* _About this exercise_
Each line below from the line with "وفي المملكة المتحدة،" to the line with "特朗普在其真相社交上宣布了这" must be copied exactly, including those two, and no picture may appear in the copy.

⁂

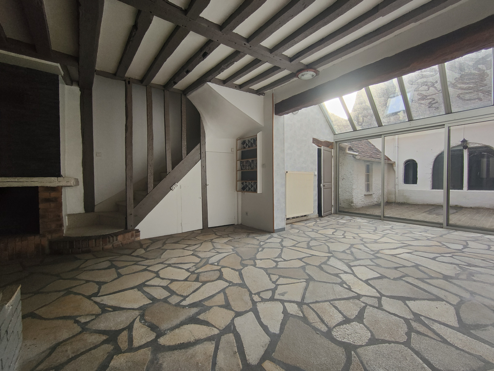 Plein centre ville, à proximité de la place du marché, dans une ruelle piétonne, Magnifique demeure de prestige en colombage bois de style ancienne atypique de 140 m² hab avec jardin, terrasse et studio attenant par un couloir sur l' arrière, avec possibilité de louer un garage juste à coté, comprenant un séjour double de 40 m² avec une belle cheminée équipée d' un insert et cuisine équipée neuve à l' américaine attenante, un deuxième salon de 15 m² avec mezzanine au dessus aménagée en chambre dans la partie studio, veranda attenante au séjour donnant sur une terrasse en caillebotis de 15 m², trois belles chambres à l'étage, et possible quatre en divisant celle de 40 m² sous les combles, grande SDB avec baignoire-douche, WC, cellier, cave, buanderie, chaufferie avec chaudière au gaz de ville offrant un DPE en D, grande terrasse en caillebotis avec studio donnant sur un petit jardin en pelouse d' environ 50 m² clos de murs en briques, au calme sans vis à vis, bien chez soi, le tout très bien situé dans une ruelle piétonne paisible à l' abri des regards, dans la rue d' Alsace, avec un coin de jardin au coeur de la ville à deux pas de la gare et de la place du marché. La maison a dejà été vendue mais le crédit a été refusé...
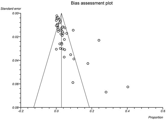 The estimated global prevalence of Cyclospora parasitosis in PLWHA ranged from 0.0% to 40.3%. Of 9310 samples, 364 were infected with C. cayetanensis. The estimated global pooled prevalence of C. cayetanensis infection in PLWHA using the random effects model for meta-analysis was 3.89% (95% CI, 2.62–5.40(. The prevalence of the parasite in North America, South America, Asia, and Africa was estimated at 6.22% (95% CI 2.61–11.23, 94/1283), 7.87% (95% CI, 4.58–11.95, 15/201), 2.77% (95% CI, 1.44–4.53, 576/186), and 4.2% (95% CI, 1.55–8.06, 69/2088), respectively. The geographic distribution of C. cayetanensis infection in PLWHA is shown in Figure 2. The pooled prevalence of C. cayetanensis infection in men compared to women (OR = 1.72, 95% CI, 0.79–3.73, p = 0.1647) was also estimated. Furthermore, the pooled prevalence of C. cayetanensis in PLWHA with diarrhea compared with/without diarrhea was estimated (OR = 3.23, 95% CI, 1.38–7.54, p = 0.0066). The pooled prevalence of C. cayetanensis in patients with a CD4 counts <200 cells/mL compared to patients with a CD4 count of more than 200 cells/mL was estimated (OR = 4.07, 95% CI, 1.37–12.12, p = 0.0115). Moreover, the pooled prevalence of C. cayetanensis in patients who did not receive HAART compared with patients with HAART was estimated (OR = 2.07, 95% CI, 0.29–14.81, p = 0.4668) (Table 3), and the pooled prevalence of C. cayetanensis in PLWHA compared to people without HIV was estimated (OR = 4.36, 95% CI, 2–9.48, p = 0.0002). There was a broad difference in the prevalence rate between various studies. Furthermore, the Cochran’s Q statistic was (Q = 506.06, df = 44, p < 0.000, I2 = 91.3%, 95% CI, 89.6%–92.6%) (Figure 3). Inspection of the bias assessment plot showed publication bias, and a statistically significant Egger’s regression suggests the possibility of publication bias (Figure 4).
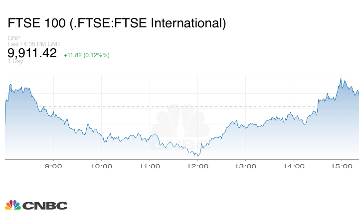 وفي المملكة المتحدة، ارتفع مؤشر فوتسي بنحو 0.1% إلى 9911.42 نقطة.
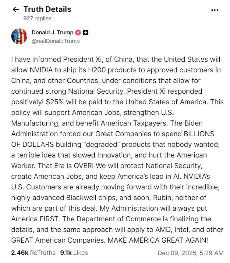 特朗普在其真相社交上宣布了这一决定,从而结束了他与顾问们就是否批准向中国出口H200芯片而进行的数周讨论。
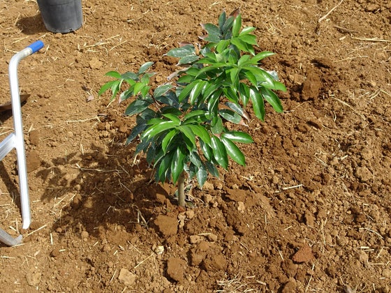 2017/07/22 11:53昨日、ライチの取り木施行を14枝に マンゴー収穫後のスキを見つけてササッとしたつもりが、さすがにハウスの中は暑くなり始めて、 何とか終了。 そして今朝も収穫後に鉢上げしてあったライチ3鉢を定植 穴掘りしてココピートを入れて 根もしっかり張っているので問題ないでしょう。 周りに再度ココピートを入れ、土を戻し、水をタップリ与えて終了。 今回のライチは太めの枝を取り木し鉢上げしたものだったので、しっかりしている。 潅水さえ毎日してればしっかり根付くでしょう。 たった3本の定植だが汗が滝の様に流れた。今晩は足がツルかもしれない・・・ もっと見る
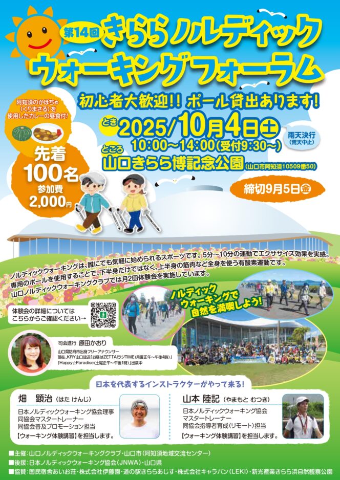 【要申込】ノルディックウォーキング指導者養成講習会 2026年3月21日(土) 阿知須地域交流センター 2階 大ホール 山口市 山口市 南エリア 阿知須 【要申込】ノルディックウォーキング指導者養成講習会 2026年3月21日(土) その他 体験 教室・研修
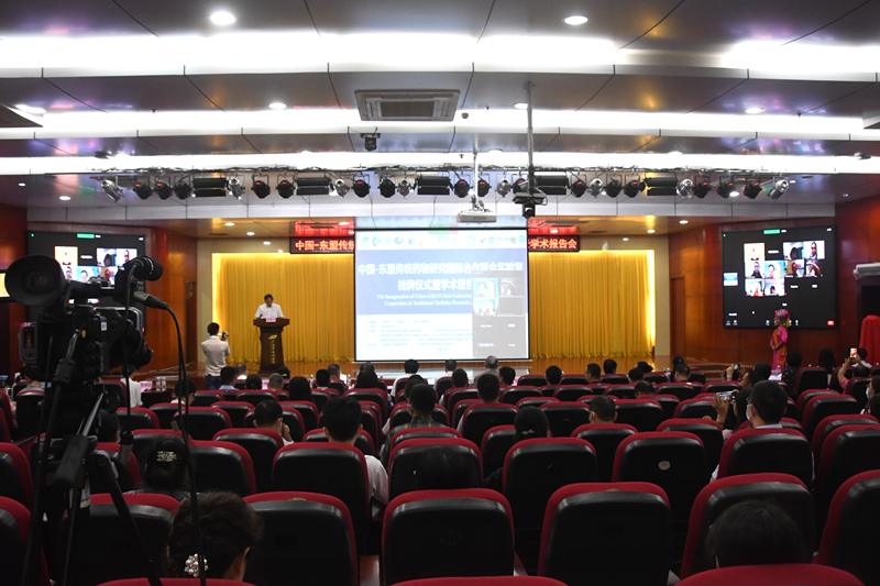 自治区科技厅副厅长蹇兴超、对外交流合作处处长汪靓,自治区中医药管理局副局长张玉军、科教处副处长杨艳光,beat365正版唯一入口必一副校长冷静、戴铭,中国工程院院士刘昌孝,广西中药药效研究重点实验室主任邓家刚,南开大学教授白钢,天津药物研究院研究员张铁军,广东药科大学教授王淑美,中国科学院长春应用化学研究所研究员宋凤瑞,新加坡、泰国、马来西亚、老挝、柬埔寨等5个国家的中国--东盟传统药物研究国际合作联合实验室成员,学校各部门领导、教师、学生代表以及企业代表等近300人现场参会,线上16位东盟国家专家学者共同见证了中国-东盟传统药物研究国际合作联合实验室的成立。揭牌仪式由戴铭主持。
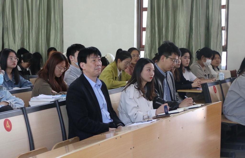 邀请学校党委宣传部李文振老师进行授课,2022级辅导员王旭主持本次会议,正妹

⁂

* _Answer to this problem_
 وفي المملكة المتحدة، ارتفع مؤشر فوتسي بنحو 0.1% إلى 9911.42 نقطة.
 特朗普在其真相社交上宣布了这一决定,从而结束了他与顾问们就是否批准向中国出口H200芯片而进行的数周讨论。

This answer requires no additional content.